Implementation detail: When a reference is provided, test and ref audio are resampled to 16 kHz, truncated to the same length, concatenated along the channel dimension, and passed jointly to the model. The model itself decides which metrics to output based on the number of input channels.

Properties:

  • engine.device"cuda" or "cpu"
  • engine.model_name → the alias or repo ID used at init
  • engine.loaded_metrics → list of metric names the loaded model supports

Evaluator — High-Level File & Directory Scoring

from sqa_eval import Evaluator

Wraps InferenceEngine with score aggregation. Designed for scoring one file or one folder of files.

Constructor:

evaluator = Evaluator(model="5metric", weights=None)
Parameter Type Description
model str "5metric", "22metric", "both", or a full HF repo ID
weights dict[str, float] | None Per-metric weight overrides (default: 1.0 each)

When model="both", two engines are loaded: a 22metric model for ref-based evaluation and a 5metric model as fallback when no reference is given.

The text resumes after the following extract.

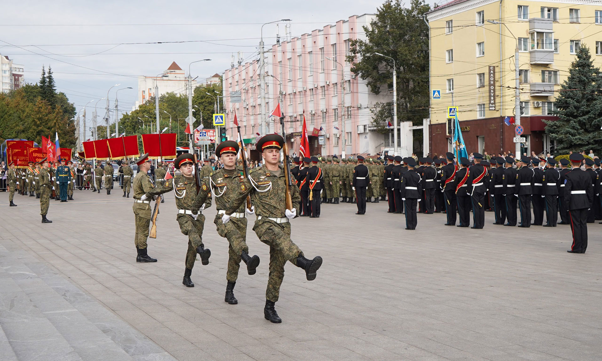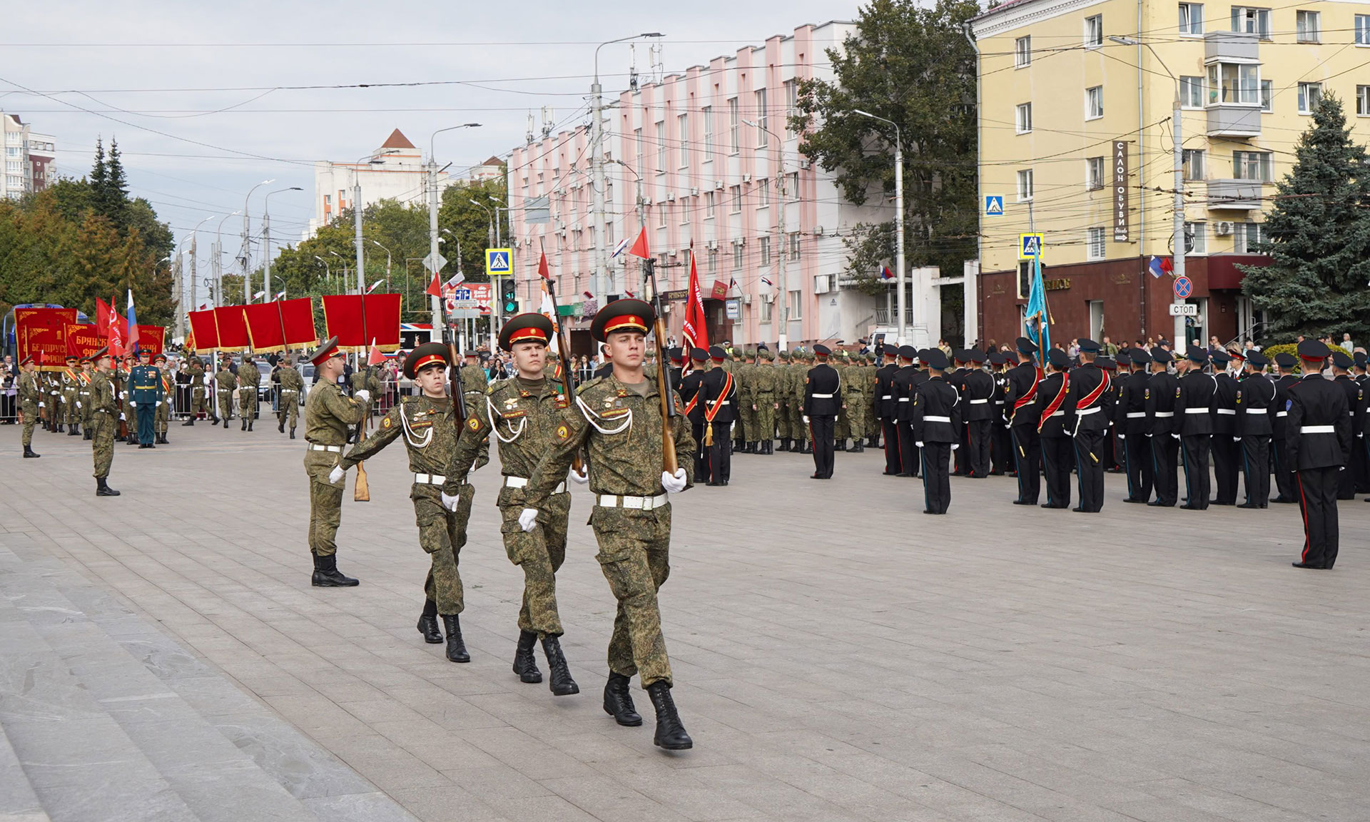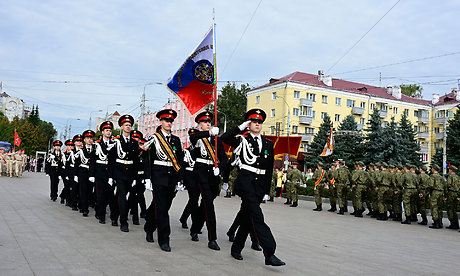 Состоялся торжественный марш в честь 82-й годовщины освобождения Брянщины от немецко-фашистских захватчиков. Открыла марш знаменная группа военного учебного центра при Брянском государственном инженерно-технологическом университете.

evaluate_file(audio_path, ref_path=None, system="default")AggregateResult

Scores a single file and returns normalized scores.

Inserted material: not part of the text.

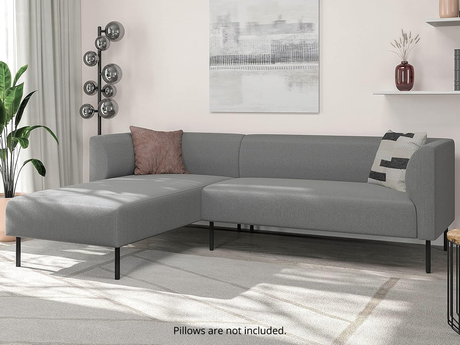 The Judith Sectional Sofa with Left Chaise offers you plenty of space. The sofa impresses with a timeless and modern design that sets a trendy accent in the living room. The armrests, seat and back are padded and invite you to relax, offering a high, very comfortable seating comfort. The sofa can be freely placed in the room thanks to the covered back. The elegant woven fabric cover in grey has a great feel and looks very elegant. The sofa has filigree feet made of black, powder-coated metal, which complete the modern design. Thanks to the simple, elegant design, the sofa can be individually combined and fits many interior styles.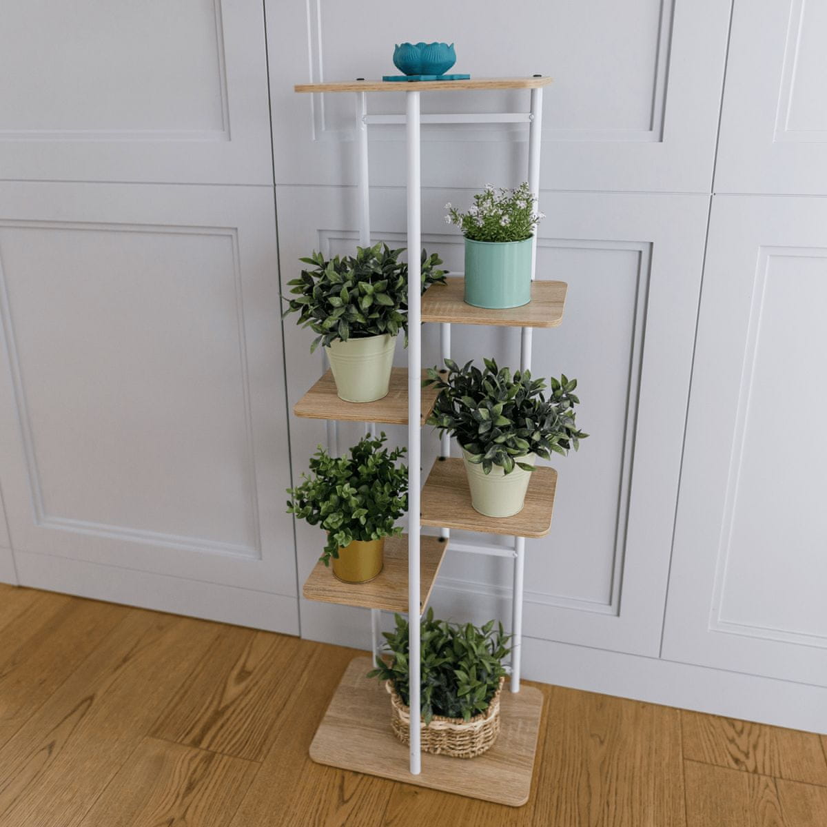 KONDELA Stojalo za rože Ledor tip 1 - belo / sonoma hrast

Parameter Type Description
audio_path str | Path Path to audio file
ref_path str | Path | None Clean reference (required for 22metric without "both" mode)
system str Label for reports/plots (default: "default")

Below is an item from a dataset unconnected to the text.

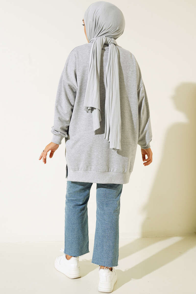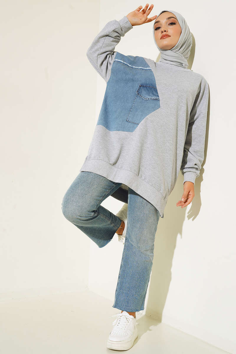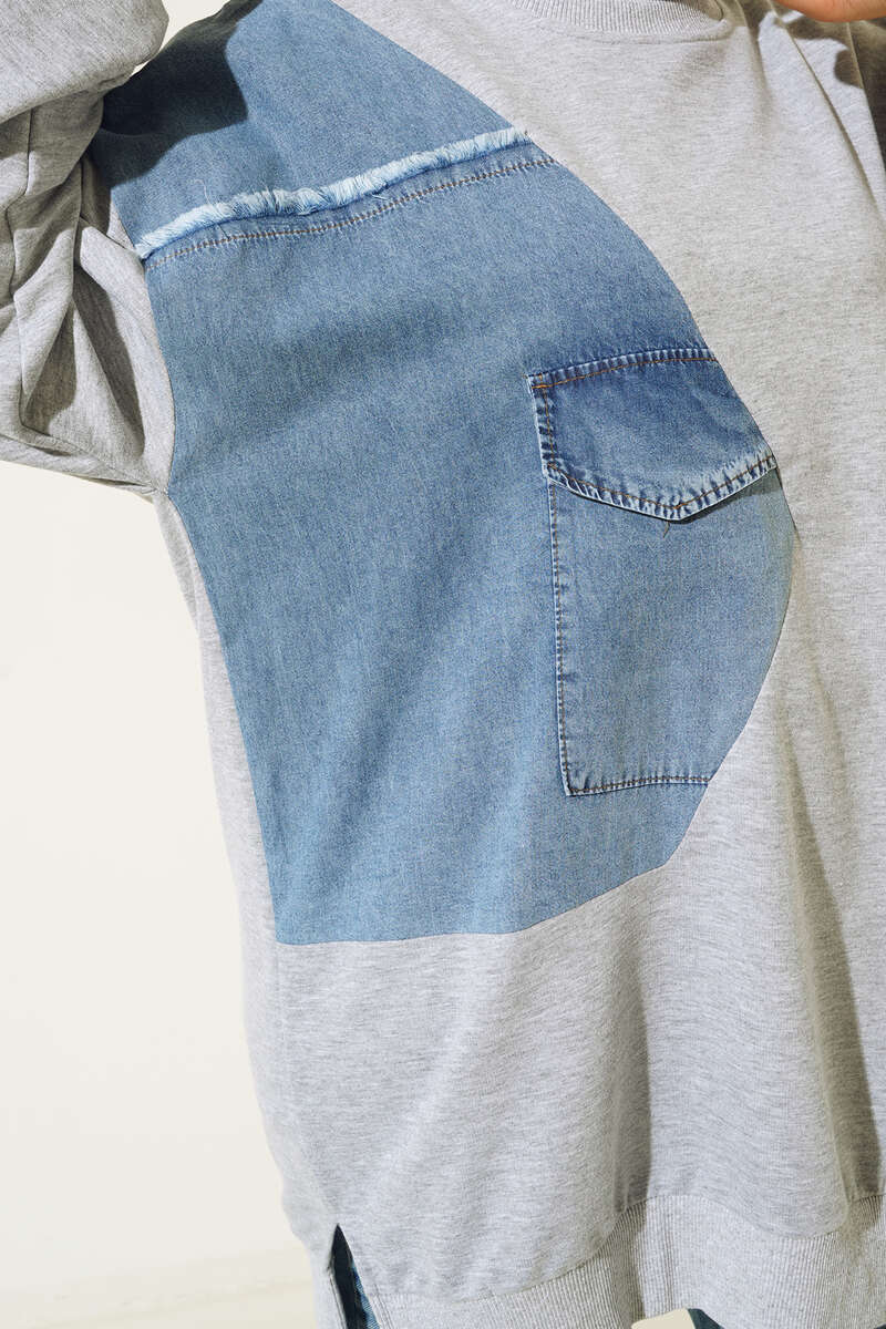 Yeni sezon tuniğimiz kot garnilidir. Üzerinde bulunan kapaklı cep detayı tuniğimize harekte kazandırmıştır. Düşük omuz model olan tuniğimiz bisiklet yakadır. Etek uçların yırtmaçlı oaln tuniğimizin bilkeleri ve yakası ribanalıdır.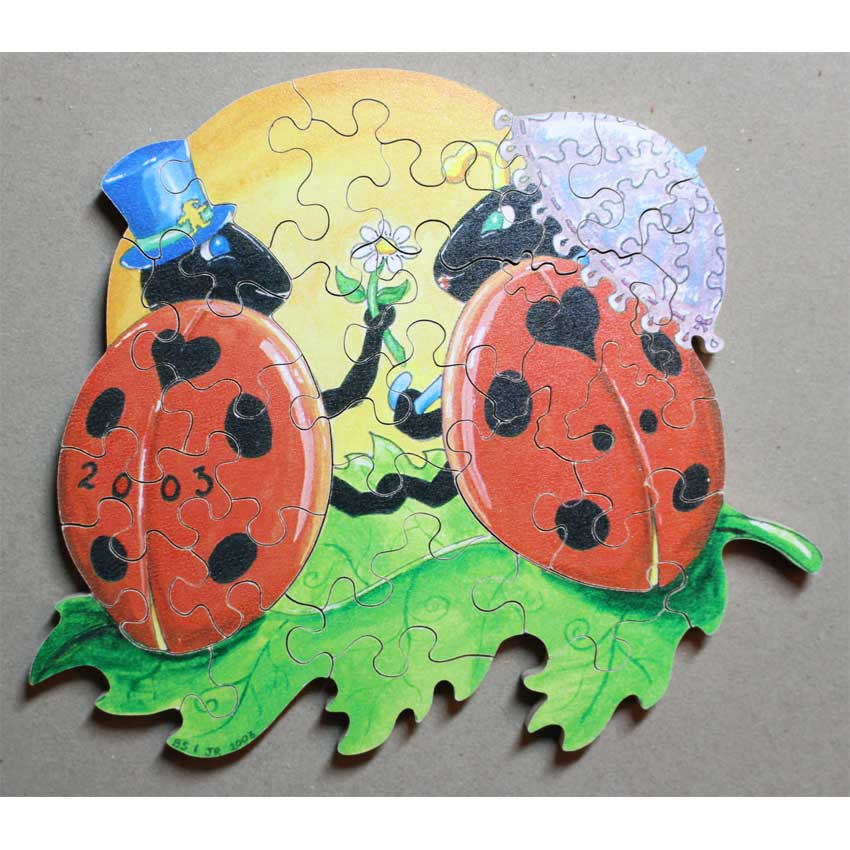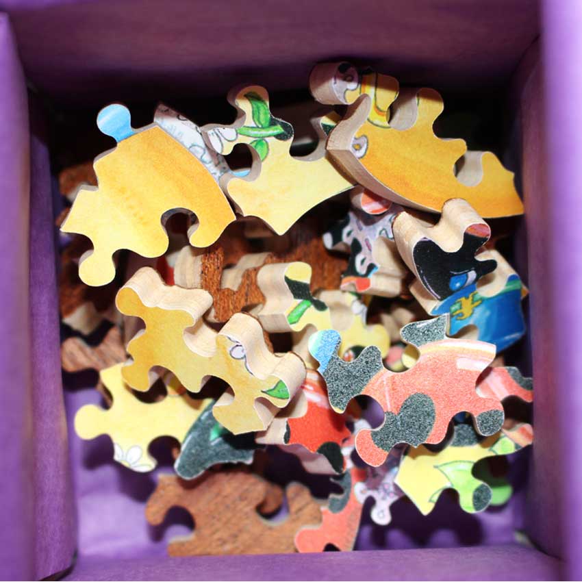 Good – Puzzle has been done a few times and there may be a number of pieces showing wear on their edges.   The wood is in good structural condition, it’s mostly cosmetic issues with the paper layer being worn.

evaluate_directory(audio_dir, ref_dir=None, recursive=False)list[AggregateResult]

Scores every .wav file in a directory. References are matched by stem with REF_ prefix.

to_csv(results, path) / to_json(results, path)

Exports a list of results to CSV or JSON.


Experiment — Multi-System Comparison

from sqa_eval import Experiment

Orchestrates scoring across multiple systems (subdirectories) and produces a full report.

Constructor:

exp = Experiment(
    name="denoiser-shootout",
    base_dir="./recordings",
    systems=["dnn_v1", "dnn_v2"],
    ref_dir="./clean_refs",
    model="both",
    weights=None,
    output_dir=None,
)
Parameter Type Default Description
name str Experiment name (used as output subdirectory)
base_dir str | Path Parent dir containing one subdir per system
systems list[str] System subdirectory names
ref_dir str | Path | None None Directory with REF_* clean reference files
model str "both" Model alias or HF repo
weights dict | None None Per-metric weight overrides
output_dir str | Path | None None Defaults to <base_dir>/../results/<name>/

run()list[AggregateResult]

Iterates every audio file across all systems, scores each one, and collects results. Prints progress every 10 files.

report()

Generates output files:

  • scores.csv — per-file scores
  • summary.csv — per-system statistics (mean, std, min, max)
  • ranking.csv — systems ordered by mean common score
  • results.json — full structured data
  • bar_common_score.png, box_common_score.png, radar.png, scatter_*_vs_*.png

AggregateResult — Score Output

@dataclass
class AggregateResult:
    file_name: str
    system: str
    model_used: str
    common_score: float      # weighted avg of 5 MOS metrics
    extended_score: float    # weighted avg of all metrics
    raw_scores: dict[str, float]  # per-metric raw scores

Supporting Modules

ScoreAggregator (sqa_eval.aggregator)

Normalizes raw scores into [0, 1] range, handles lower-is-better metrics by flipping (MCD, LSD), and computes weighted averages. The normalize step clamps SDR to [-30, 30] and MCD/LSD to [0, 20].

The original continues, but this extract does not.